Based on the above analysis of the ITV dose underestimation, there are two approaches can be implemented to reduce this effect. One is to reduce the volume variation between the ITV and the real target by respiratory control techniques such as breathe hold [1618] or gating [19]. By Restricting the motion in a relative small range, the ITV dose underestimation effect would decrease as the Patients 3 and 4 shown in Table 2. The previous study validated that the ITV had the comparable dose to the GTV in very small motion targets (mean target motion of 4.4mm) [8]. Another cause of the ITV dose underestimation effect is the peak dose distribution in the target as mentioned above. For institutions without the respiratory control techniques, reducing the dose heterogeneity in the target is an alternative method to reduce the ITV dose underestimation effect. A previous study [7] reported the biologic effective dose (BED) of ITV was good approximation of the BED of GTV_4D in a mean ITV dose homogeneity index (HI: D1/D99) of 1.14±0.01 in small volume lesions (0.6-3cm3).
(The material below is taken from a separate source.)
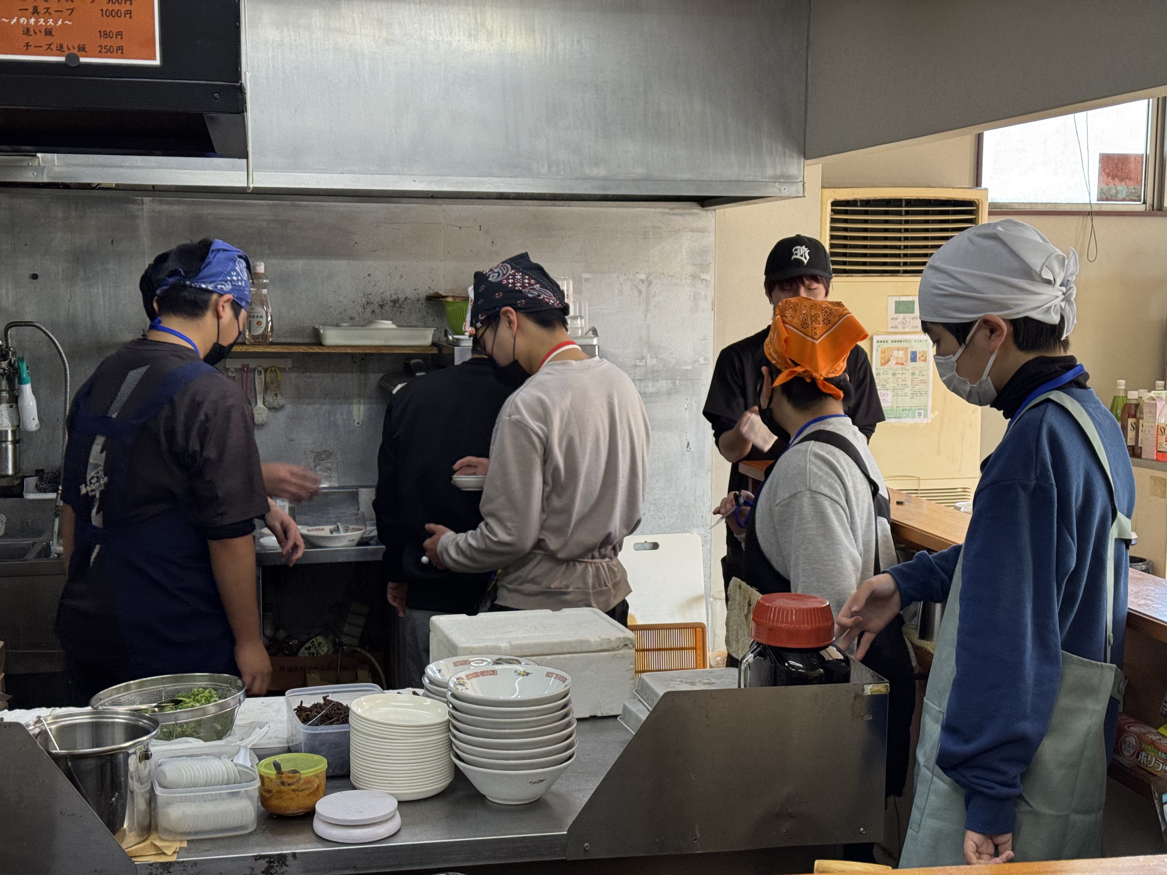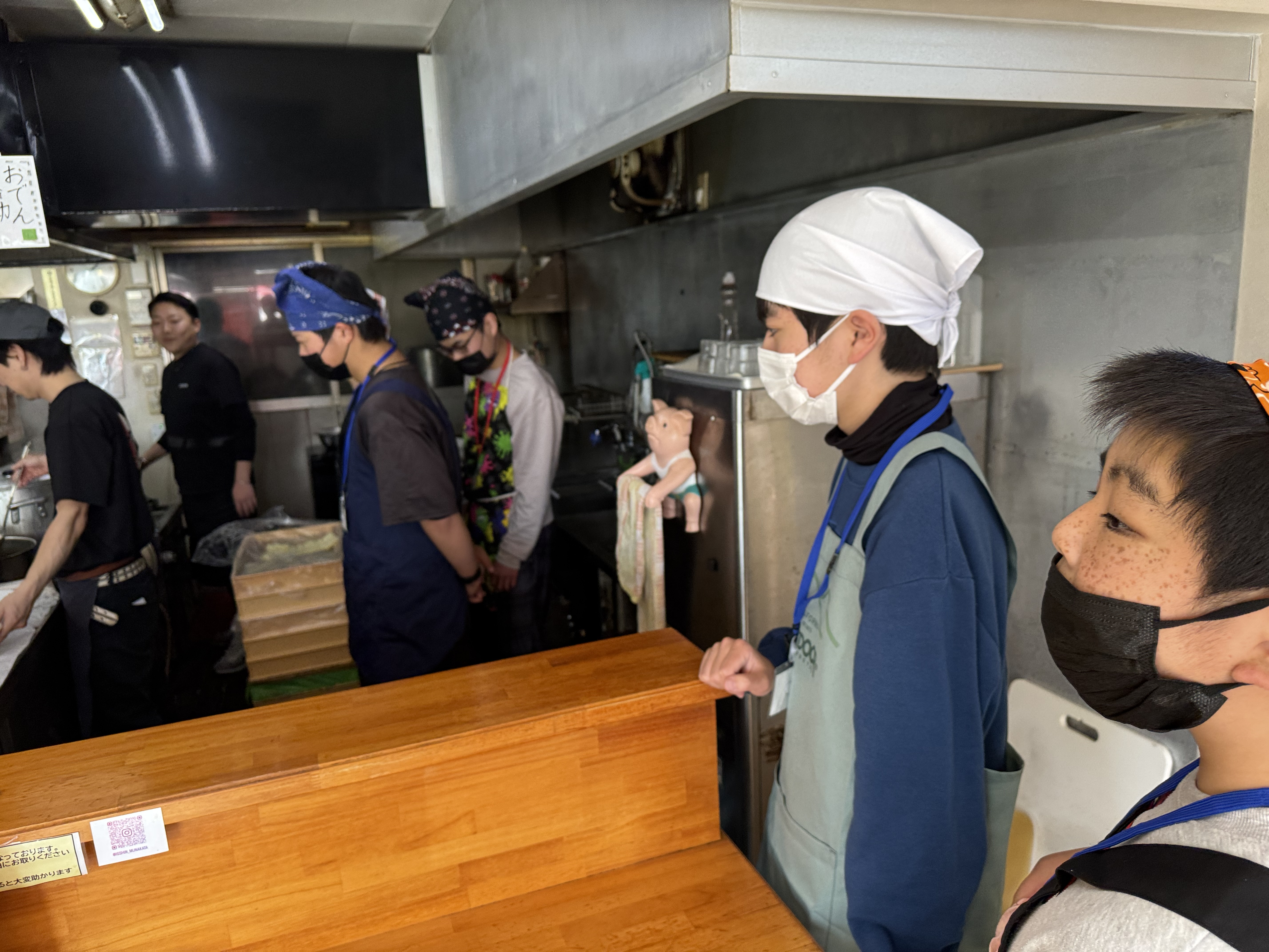 ラーメンが出来上がるまでの工程を見学し、厨房の動きやスタッフの方々の連携にも興味津々の様子でした🤭
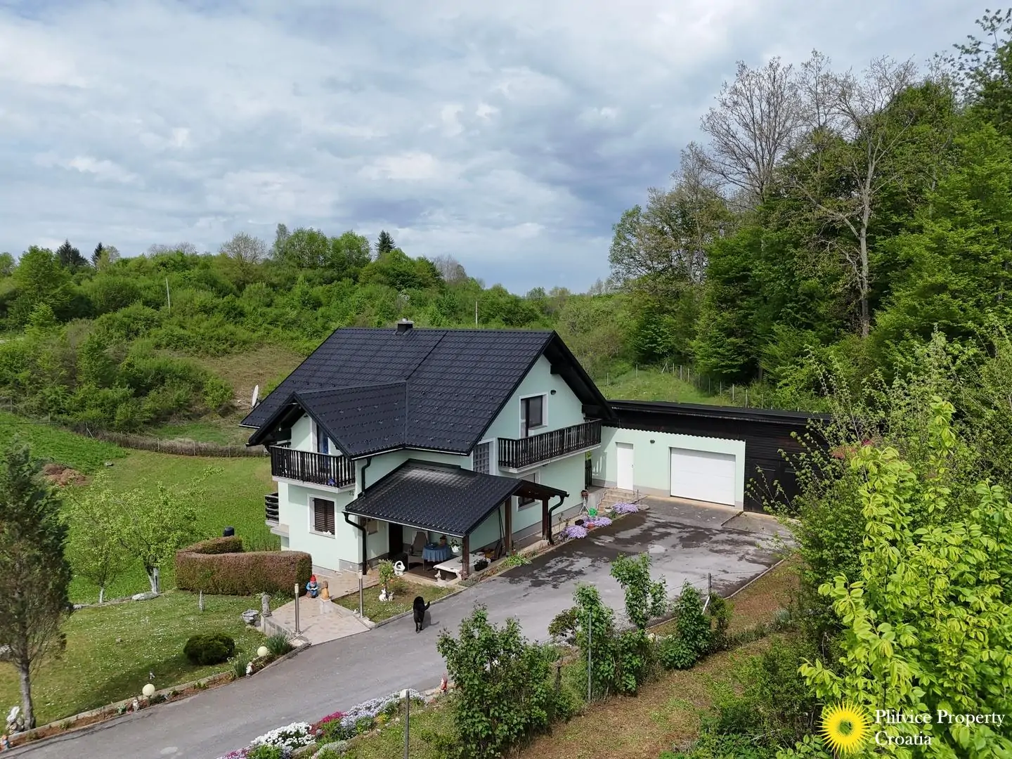 Teren wokół domu to połączenie pięknej doliny, z drzewami owocowymi, orzechowymi i winoroślami, które zapewniają spokojną, naturalną atmosferę. Wokół domu posadzono piękne kwiaty, które podkreślają malownicze otoczenie. Obok domu znajduje się warsztat lub pomieszczenie gospodarcze, a także garaż i składzik na drewno, który w razie potrzeby można łatwo przekształcić w dodatkowy garaż.

The controversy was that this dose homogeneity biased toward the dose distribution in the conventional radiotherapy (target dose range from 95~107% (HI: 107/95=1.13) by the ICRU report 50), not in SBRT. This flat dose distribution of target also could not benefit from the advantage of the peak dose distribution in eradicating radio-resistant hypoxic cells that might be more likely located in the central region [15]. The oncologist and physicist should balance the trade-off between the dose accuracy and the potential benefit of peak dose distribution for the lung SBRT with large tumor motions.

CONCLUSION

ITV can be used to determine the boundary of the target motion and is useful in field aperture setting during treatment planning. However, both phantom and patient study in our work showed the ITV target would underestimate the real target dose in lung SBRT with large tumor motions. Restricting the target motion or reducing the target dose heterogeneity could reduce the ITV dose underestimation effect in the lung SBRT.

CONFLICTS OF INTEREST

The authors declare no conflict of interest.